Reliability is a must when selecting a vacuum pump. One contractor offers a few tips.
If you have a diverse business and septic pumping is one of your service offerings, you know the vacuum pump is an essential tool when outfitting your service truck. Whether you’re looking to upgrade one piece of equipment or invest in a brand-new truck, take care when making the selection.
Lee Insley, co-owner with her husband of A-OK Portables in Warner Robins, Georgia, offers some tips on choosing the proper vacuum pump for your next service truck. With 18 pump trucks, the portable sanitation business serves 26 counties in the state, servicing about 1,000 restrooms each week. So having reliable vacuum pumps is a must.
While price is always a consideration, Insley says cost alone can’t be the deciding factor. In fact, A-OK, with its used fleet of trucks, has purchased a variety of vacuum pumps, mostly used. “I think we’ve only bought one new pump since we bought the company,” she says.
Here are Insley’s top tips for selecting a vacuum pump for your trucks:
1. Consider performance
“I think we have every pump ever made,” Insley says. In terms of performance, she specifically looks for speed of use, as well as proper suction.
When shopping for pumps, the Insleys especially look for flex couplings (or flex gears) to help performance. “The flex gear technology is very smart,” she notes.
According to Insley’s husband, Mark, the couplings, which use a rubber (EPDM), neoprene or Hytrel sleeve, have exceptional torsional flexibility. “Their four-way flexing action absorbs virtually all types of shock, misalignment and end float,” he says. “With these types of couplings, the need for lubrication and maintenance is eliminated. As a result, these couplings provide clean, dependable and quiet performance.”
2. Size matters
Yes, size matters. With vacuum pumps, a larger pump will not really help you work faster or pump much quicker. You’re not going to put a 450 to 500 cfm pump on a 2,500-gallon tank. Get the pump that best fits the size of your tank. Here are some guidelines for good pump/tank combinations:
Manufacturers will provide specific pump recommendations based on the size of your tank. They’ll also need to know the pump application, if you’ll be using it to pump septic tanks or portable restrooms, and how long the pump will be running on average.

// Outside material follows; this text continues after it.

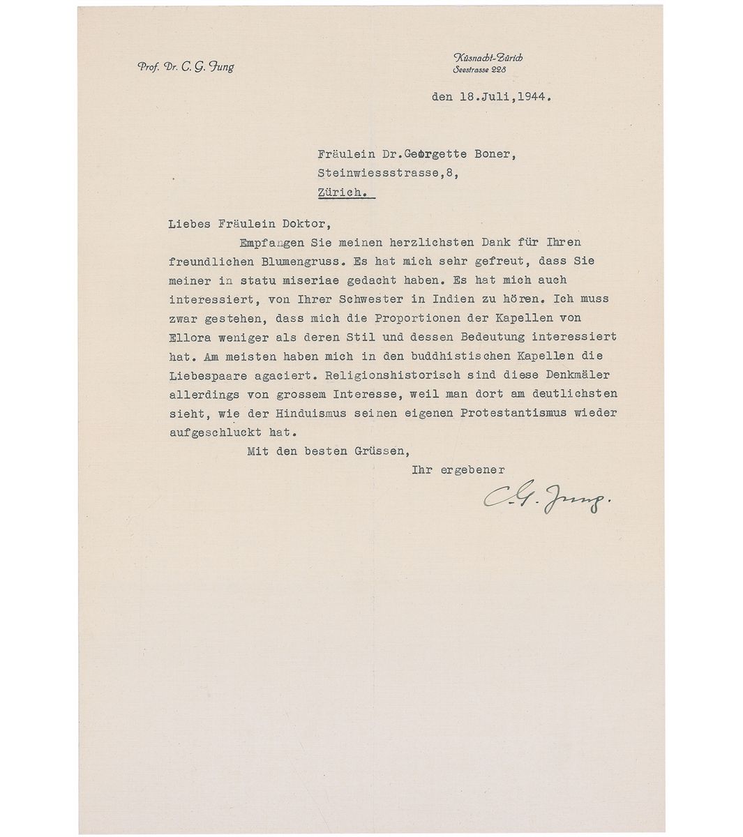 TLS in German, signed “C. G. Jung,” one page, 8.25 x 11.5, personal letterhead, July 18, 1944. Letter to Dr. Georgette Boner in Zurich. In full (translated): “Accept my sincere thanks for your kind ‘flower greeting.’ It made me very happy that you have thought in statu miseria on me. It also interests me to hear about your sister in India. Although I must confess, that I am less interested in the proportions of the chapels of Ellora as in its style and its meaning. In the Buddhist chapels my main interest was the lovers. Religio-historically these monuments, however, are of great interest, because you can see most clear, as Hinduism has swallowed up its own Protestantism again.” In fine condition. Accompanied by an unsigned postcard photo of Jung.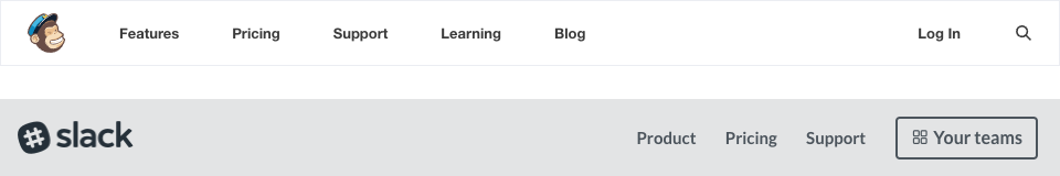 例如企業(yè)郵件應用Mailchimp和Slack就是扁平結(jié)構(gòu)的典型代表,它們的導航都只有一級,把所有頁面入口都放在外面,最重要的功能、定價位于前兩個位置,其余的根據(jù)重要性遞減排列,最右邊一般會放注冊或登陸入口:

3. Don’t overlook maintenance
“Like any piece of equipment, if you maintain it properly, it’s going to give you a better life,” Insley says. So, no matter which pump you select, be sure to maintain it regularly to ensure a long life. A-OK and its drivers develop a well-rounded understanding of the pump and its quirks to safeguard against mishaps.
Learn to respect your equipment; longevity will differ if you use your pumps on heavy routes and the pump is constantly running. It will also depend on whether you are pumping septic tanks or portable restrooms.
“Your pump is just as important as your motor on your truck,” she says. As you run down your maintenance checklist, don’t overlook things like checking and filling the oil on the pump.
The Insleys rebuild their pumps regularly, usually in winter, changing out the bearings and other parts pervasive to wear. “We try to do a preventive maintenance program,” she says, noting that some contractors wait until pumps break down before rebuilding, which can bring work to a standstill if a replacement pump is not on hand.
4. Do some research
It might seem like common sense, but research is essential to choosing the right pump for your business. The Insleys purchased an existing business, so they inherited vacuum pumps — and learned quickly which ones they liked and which ones were “problem children.”
Check out trade magazines and catalogs, but also speak with others in the business to find out what works for them and which brands they recommend.
Contractors outside your direct service area are usually more likely to share personal experiences because you’re not competing for business, says Insley. “When I talk to people, they’re always open to talk about the good and the bad; I’ve learned so much from fellow pumpers,” she says. “They really are your best resource.”
5. Respect brands and reputation
Insley says her company usually sticks with the same two brands of vacuum pumps because it makes ordering replacement parts easy. If you have a brand that works well for you, brand loyalty can pay off. But there can also be value in diversification, especially with a large fleet.